● What is being asked
When writing out the entries below, keep only the lines from the line with "We had a few" to the line with "The staff at", both included, exactly as they are, and leave the pictures aside.

● Extracted data
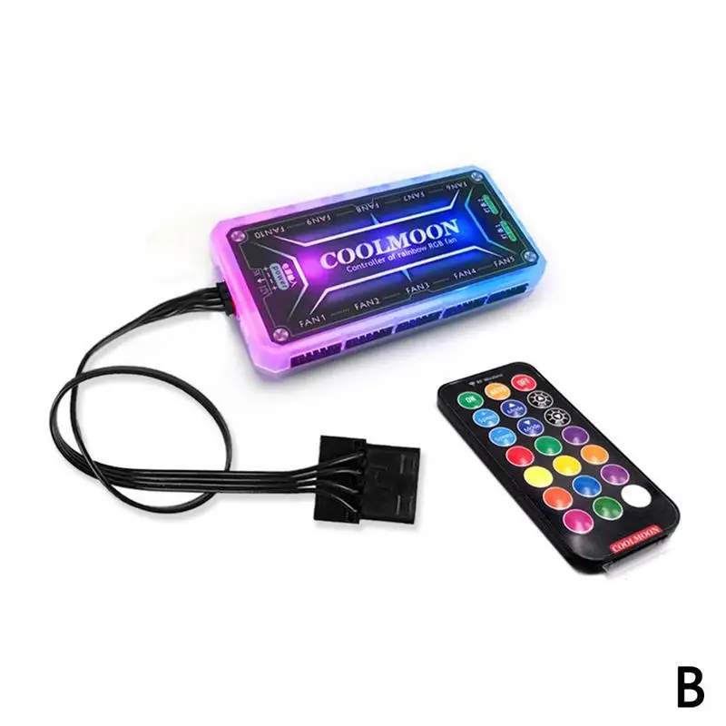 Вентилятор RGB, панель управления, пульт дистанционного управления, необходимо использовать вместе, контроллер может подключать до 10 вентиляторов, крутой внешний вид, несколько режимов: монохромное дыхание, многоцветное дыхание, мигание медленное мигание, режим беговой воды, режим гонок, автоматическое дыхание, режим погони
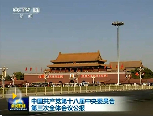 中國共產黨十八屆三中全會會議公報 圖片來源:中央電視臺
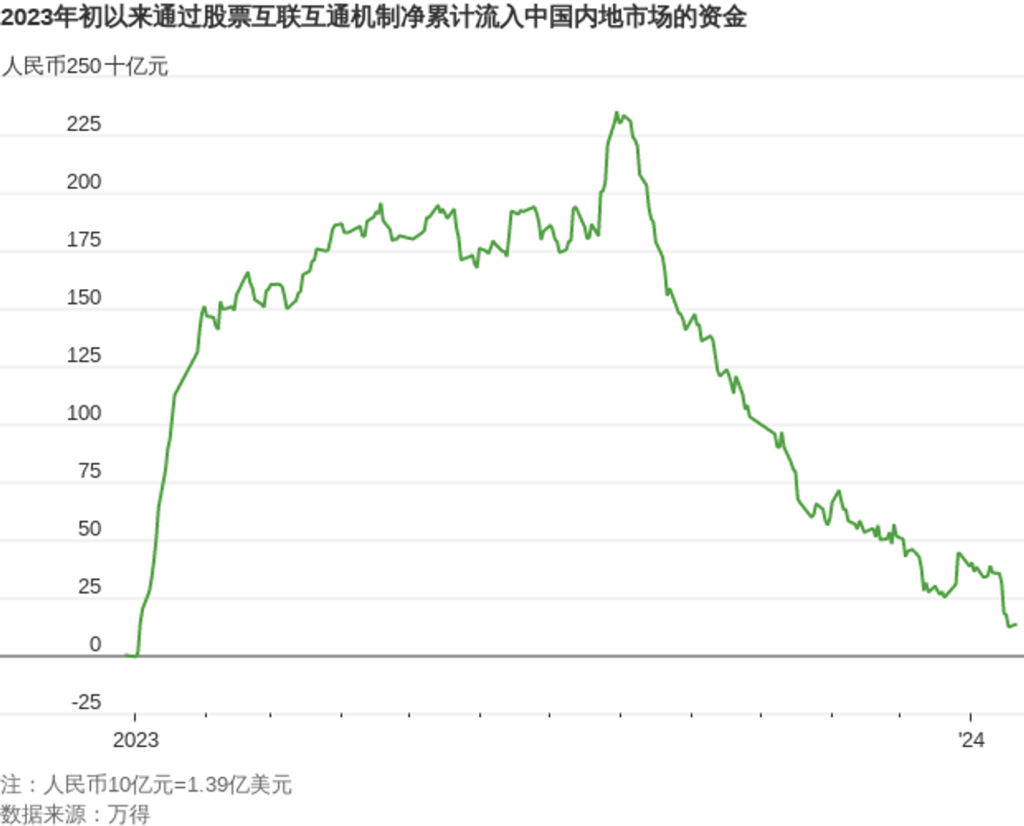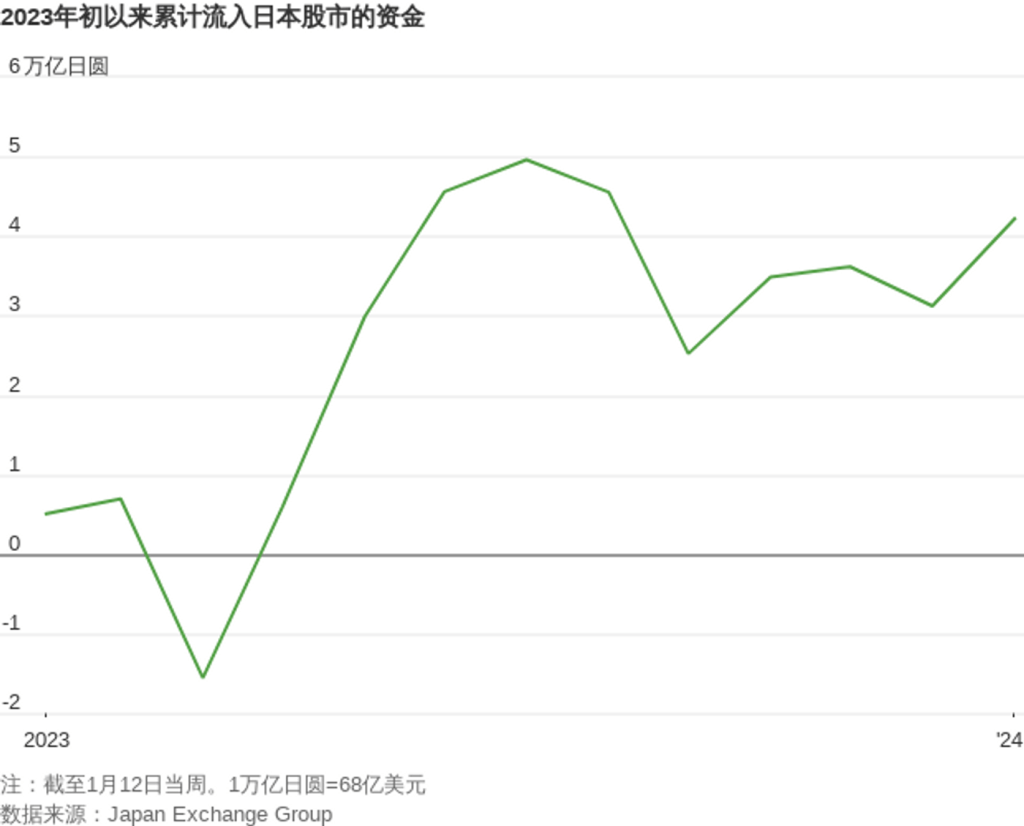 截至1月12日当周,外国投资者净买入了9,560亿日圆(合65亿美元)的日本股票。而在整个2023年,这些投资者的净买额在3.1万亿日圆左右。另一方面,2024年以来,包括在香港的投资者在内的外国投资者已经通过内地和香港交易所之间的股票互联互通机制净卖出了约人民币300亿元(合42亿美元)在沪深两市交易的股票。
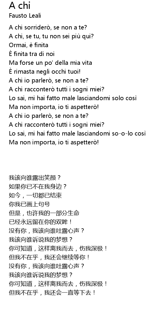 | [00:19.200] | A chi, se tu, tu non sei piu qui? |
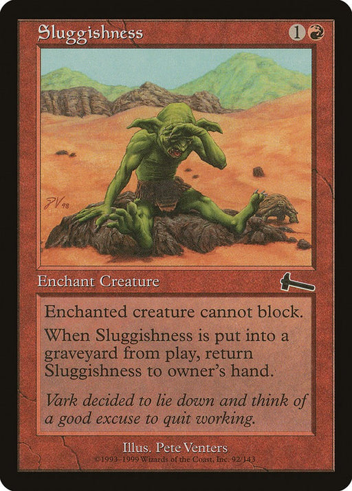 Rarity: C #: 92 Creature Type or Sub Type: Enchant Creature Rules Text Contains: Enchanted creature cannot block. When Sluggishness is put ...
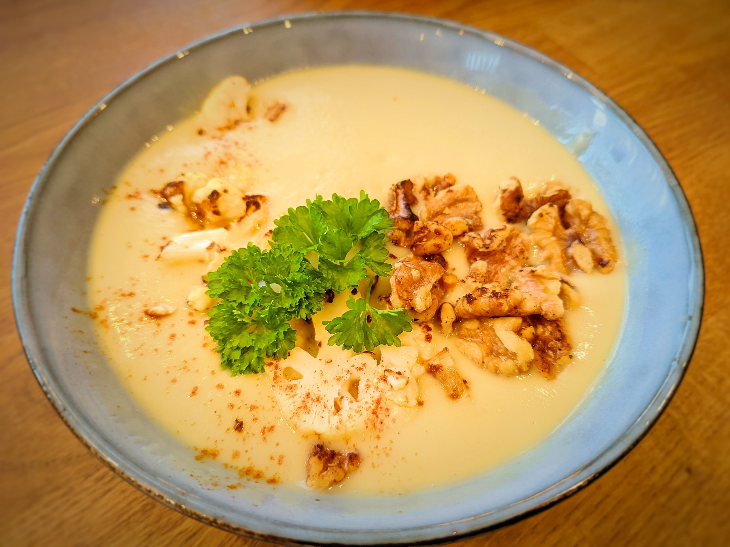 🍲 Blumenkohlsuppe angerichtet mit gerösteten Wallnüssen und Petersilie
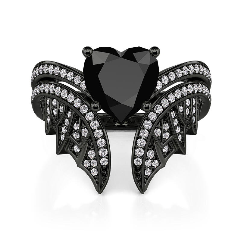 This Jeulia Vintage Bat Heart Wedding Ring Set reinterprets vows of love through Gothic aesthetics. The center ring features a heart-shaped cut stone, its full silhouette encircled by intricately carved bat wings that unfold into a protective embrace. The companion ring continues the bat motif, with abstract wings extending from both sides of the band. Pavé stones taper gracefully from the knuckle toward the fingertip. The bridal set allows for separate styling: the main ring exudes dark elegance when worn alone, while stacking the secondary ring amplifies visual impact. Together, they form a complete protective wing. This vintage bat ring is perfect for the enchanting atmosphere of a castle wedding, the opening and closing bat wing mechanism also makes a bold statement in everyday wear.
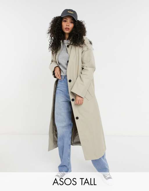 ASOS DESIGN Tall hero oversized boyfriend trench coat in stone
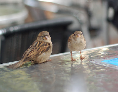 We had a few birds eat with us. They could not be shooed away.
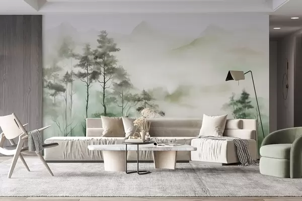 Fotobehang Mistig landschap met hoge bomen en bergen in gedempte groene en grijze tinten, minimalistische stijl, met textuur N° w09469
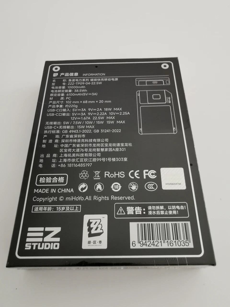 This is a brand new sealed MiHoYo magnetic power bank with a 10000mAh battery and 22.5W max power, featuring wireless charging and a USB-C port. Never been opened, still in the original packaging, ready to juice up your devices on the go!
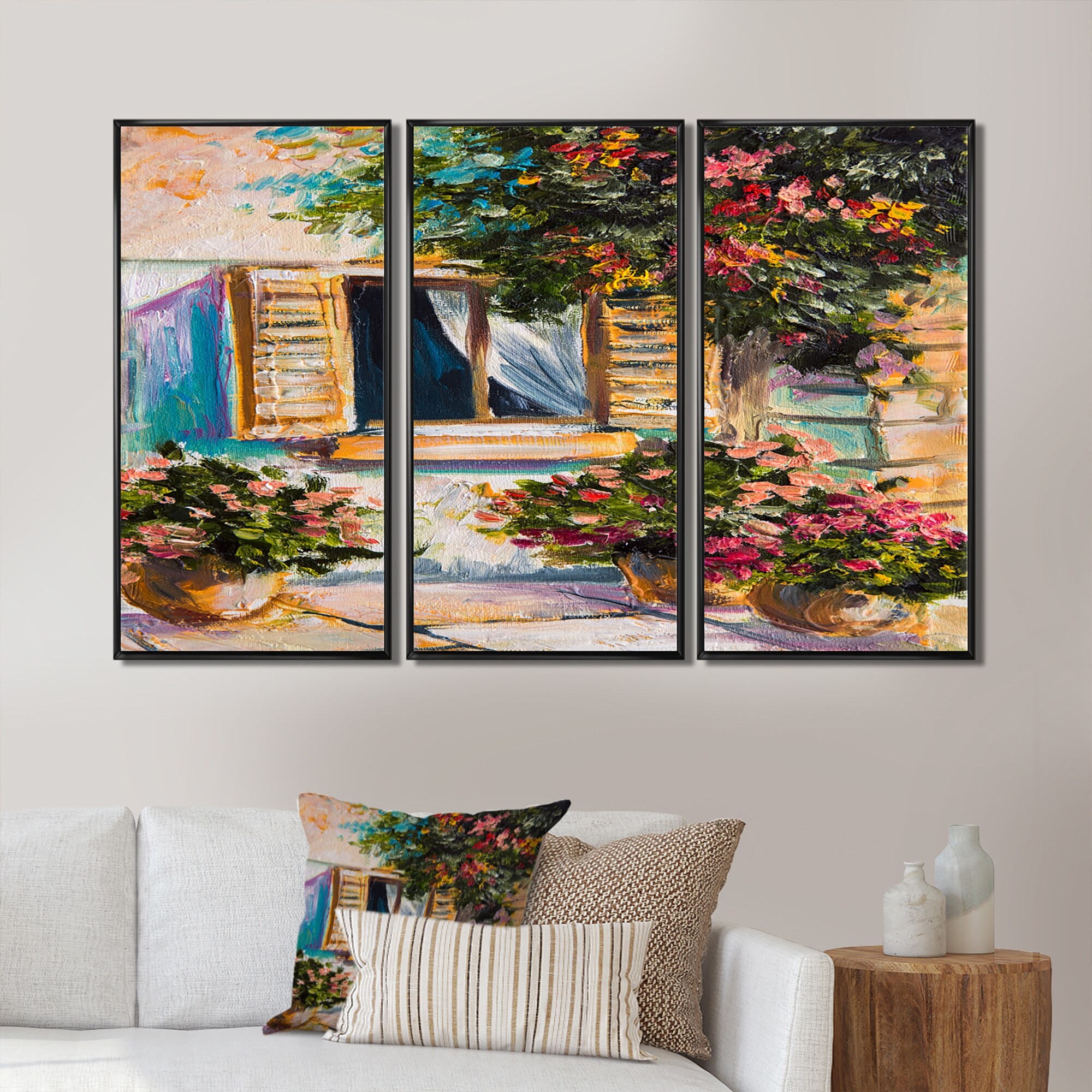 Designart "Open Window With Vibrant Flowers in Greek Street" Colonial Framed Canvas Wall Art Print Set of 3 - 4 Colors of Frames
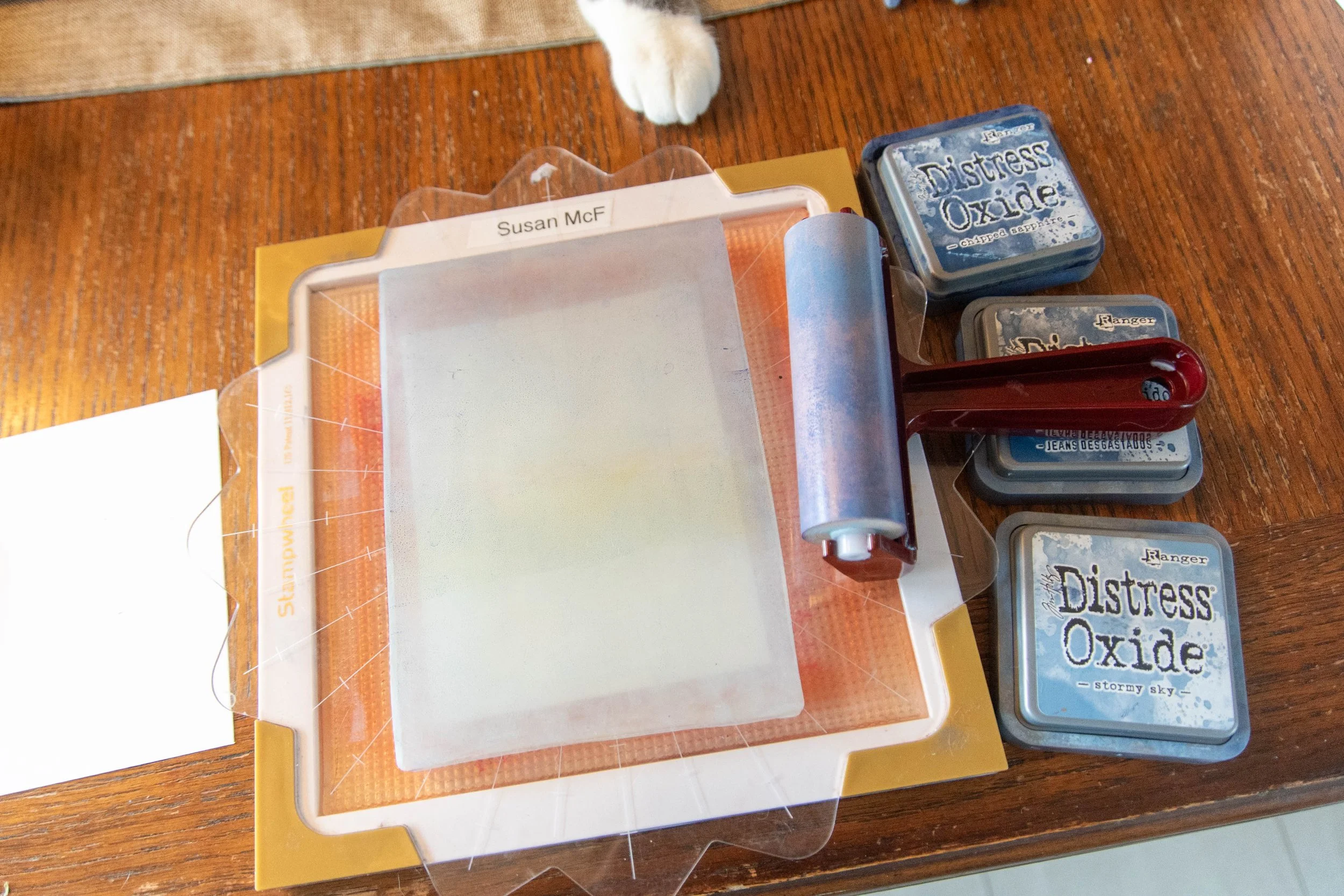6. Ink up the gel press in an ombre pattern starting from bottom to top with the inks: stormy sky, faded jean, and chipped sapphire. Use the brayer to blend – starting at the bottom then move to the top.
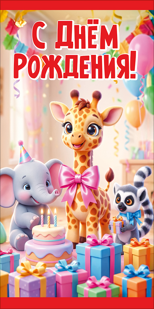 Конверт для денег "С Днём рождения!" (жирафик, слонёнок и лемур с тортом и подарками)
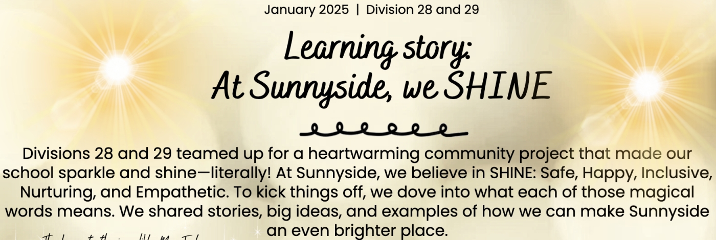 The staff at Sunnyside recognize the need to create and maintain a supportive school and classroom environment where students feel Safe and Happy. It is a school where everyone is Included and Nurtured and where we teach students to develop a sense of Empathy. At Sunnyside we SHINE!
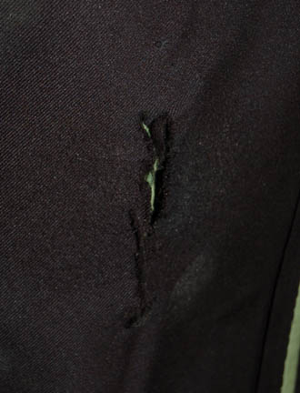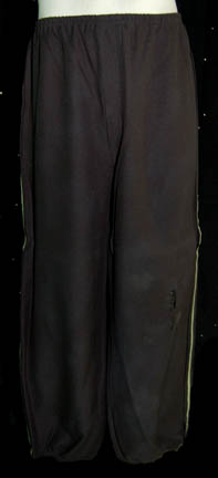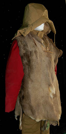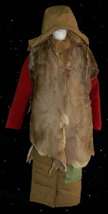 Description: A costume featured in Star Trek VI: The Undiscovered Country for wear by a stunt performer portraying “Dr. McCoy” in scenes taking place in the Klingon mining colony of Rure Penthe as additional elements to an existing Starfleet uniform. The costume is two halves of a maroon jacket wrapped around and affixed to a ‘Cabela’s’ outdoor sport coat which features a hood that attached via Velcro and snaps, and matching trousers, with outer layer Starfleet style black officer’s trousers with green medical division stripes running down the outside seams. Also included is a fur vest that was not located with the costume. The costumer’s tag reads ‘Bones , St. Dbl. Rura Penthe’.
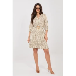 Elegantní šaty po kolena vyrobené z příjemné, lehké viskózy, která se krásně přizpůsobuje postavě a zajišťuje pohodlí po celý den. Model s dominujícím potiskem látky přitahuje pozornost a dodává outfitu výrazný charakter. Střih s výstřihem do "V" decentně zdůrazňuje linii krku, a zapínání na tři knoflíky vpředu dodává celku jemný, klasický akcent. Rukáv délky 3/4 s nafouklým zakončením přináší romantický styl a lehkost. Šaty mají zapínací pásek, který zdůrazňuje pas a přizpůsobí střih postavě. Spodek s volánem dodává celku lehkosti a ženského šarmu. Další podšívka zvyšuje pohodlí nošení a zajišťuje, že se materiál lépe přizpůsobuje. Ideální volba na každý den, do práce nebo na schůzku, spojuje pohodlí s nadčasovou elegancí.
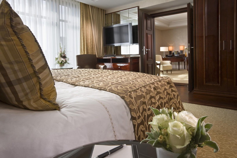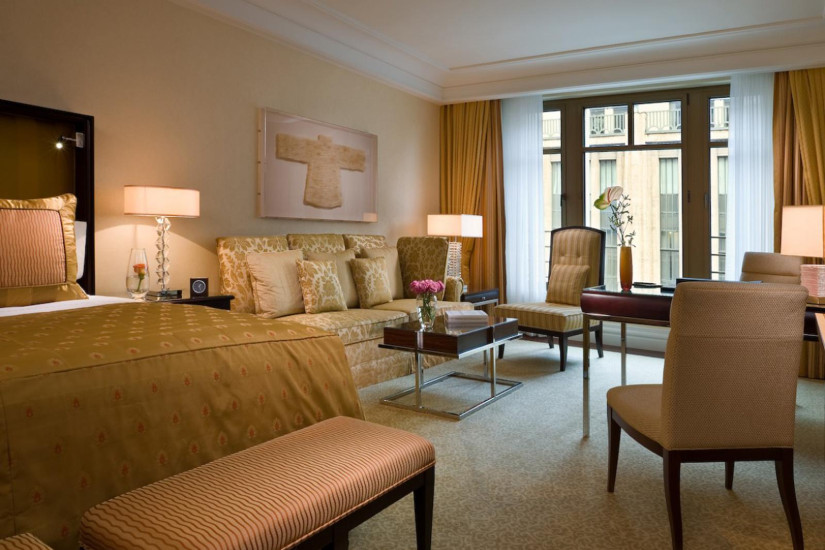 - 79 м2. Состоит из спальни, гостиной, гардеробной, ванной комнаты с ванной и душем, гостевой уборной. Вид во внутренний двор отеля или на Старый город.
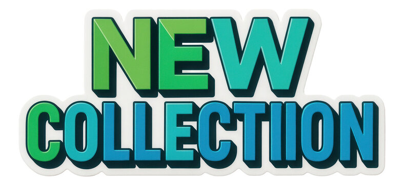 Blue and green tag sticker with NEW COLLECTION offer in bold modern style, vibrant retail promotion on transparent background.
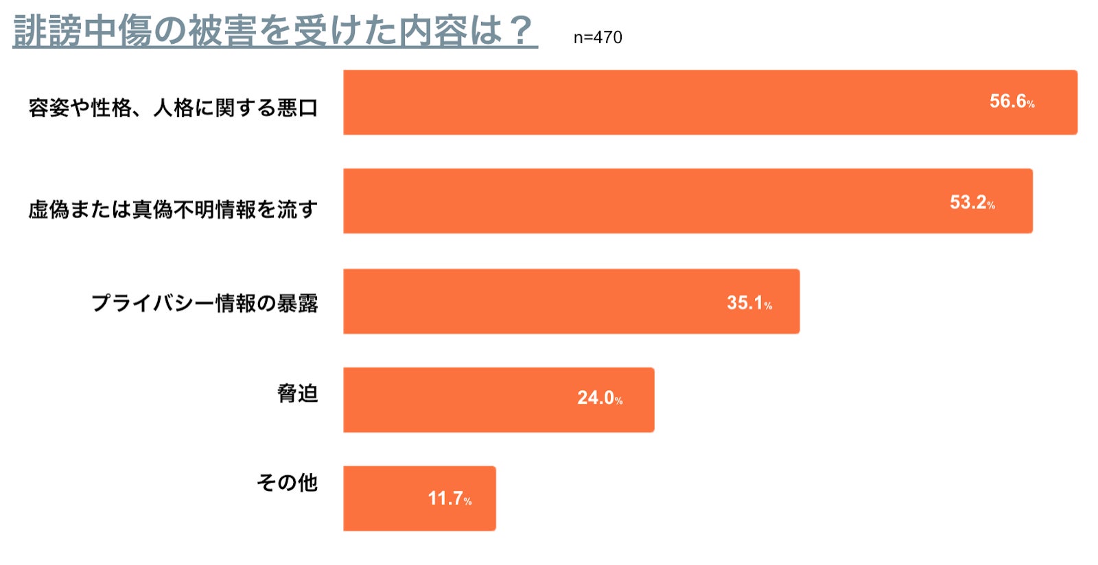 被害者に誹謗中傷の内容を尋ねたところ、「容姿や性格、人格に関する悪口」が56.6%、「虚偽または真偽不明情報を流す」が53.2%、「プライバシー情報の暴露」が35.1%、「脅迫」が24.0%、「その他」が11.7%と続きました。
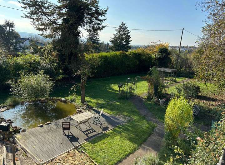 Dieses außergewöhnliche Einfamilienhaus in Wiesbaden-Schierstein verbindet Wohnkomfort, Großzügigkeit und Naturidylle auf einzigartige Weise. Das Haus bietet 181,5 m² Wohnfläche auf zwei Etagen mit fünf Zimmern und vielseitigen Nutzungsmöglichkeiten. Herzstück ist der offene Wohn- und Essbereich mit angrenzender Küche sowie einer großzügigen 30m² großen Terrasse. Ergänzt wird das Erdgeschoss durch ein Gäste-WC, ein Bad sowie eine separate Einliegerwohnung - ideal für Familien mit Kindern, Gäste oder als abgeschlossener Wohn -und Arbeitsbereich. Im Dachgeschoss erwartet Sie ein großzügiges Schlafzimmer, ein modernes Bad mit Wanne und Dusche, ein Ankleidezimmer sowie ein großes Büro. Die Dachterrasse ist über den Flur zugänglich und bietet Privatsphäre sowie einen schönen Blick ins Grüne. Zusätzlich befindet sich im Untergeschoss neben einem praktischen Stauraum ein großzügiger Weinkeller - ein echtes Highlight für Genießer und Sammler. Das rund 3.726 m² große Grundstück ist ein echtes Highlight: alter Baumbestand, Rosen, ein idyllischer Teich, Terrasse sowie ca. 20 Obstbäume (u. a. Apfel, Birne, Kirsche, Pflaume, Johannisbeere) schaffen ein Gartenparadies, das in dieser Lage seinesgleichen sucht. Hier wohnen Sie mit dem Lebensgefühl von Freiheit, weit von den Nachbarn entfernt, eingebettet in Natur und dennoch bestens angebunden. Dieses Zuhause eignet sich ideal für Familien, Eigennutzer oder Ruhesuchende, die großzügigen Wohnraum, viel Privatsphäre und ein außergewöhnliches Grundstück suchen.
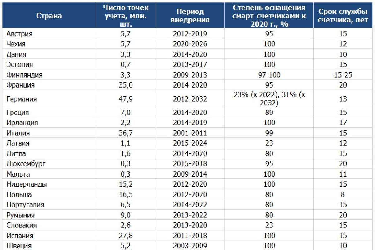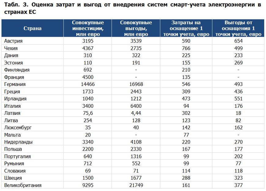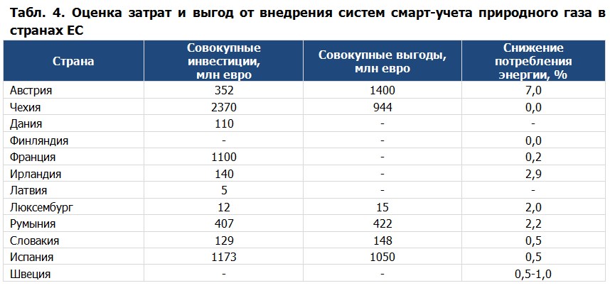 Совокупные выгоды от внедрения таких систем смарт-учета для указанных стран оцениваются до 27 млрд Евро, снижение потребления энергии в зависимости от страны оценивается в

● Task solution
 We had a few birds eat with us. They could not be shooed away.
 Fotobehang Mistig landschap met hoge bomen en bergen in gedempte groene en grijze tinten, minimalistische stijl, met textuur N° w09469
 This is a brand new sealed MiHoYo magnetic power bank with a 10000mAh battery and 22.5W max power, featuring wireless charging and a USB-C port. Never been opened, still in the original packaging, ready to juice up your devices on the go!
 Designart "Open Window With Vibrant Flowers in Greek Street" Colonial Framed Canvas Wall Art Print Set of 3 - 4 Colors of Frames
6. Ink up the gel press in an ombre pattern starting from bottom to top with the inks: stormy sky, faded jean, and chipped sapphire. Use the brayer to blend – starting at the bottom then move to the top.
 Конверт для денег "С Днём рождения!" (жирафик, слонёнок и лемур с тортом и подарками)
 The staff at Sunnyside recognize the need to create and maintain a supportive school and classroom environment where students feel Safe and Happy. It is a school where everyone is Included and Nurtured and where we teach students to develop a sense of Empathy. At Sunnyside we SHINE!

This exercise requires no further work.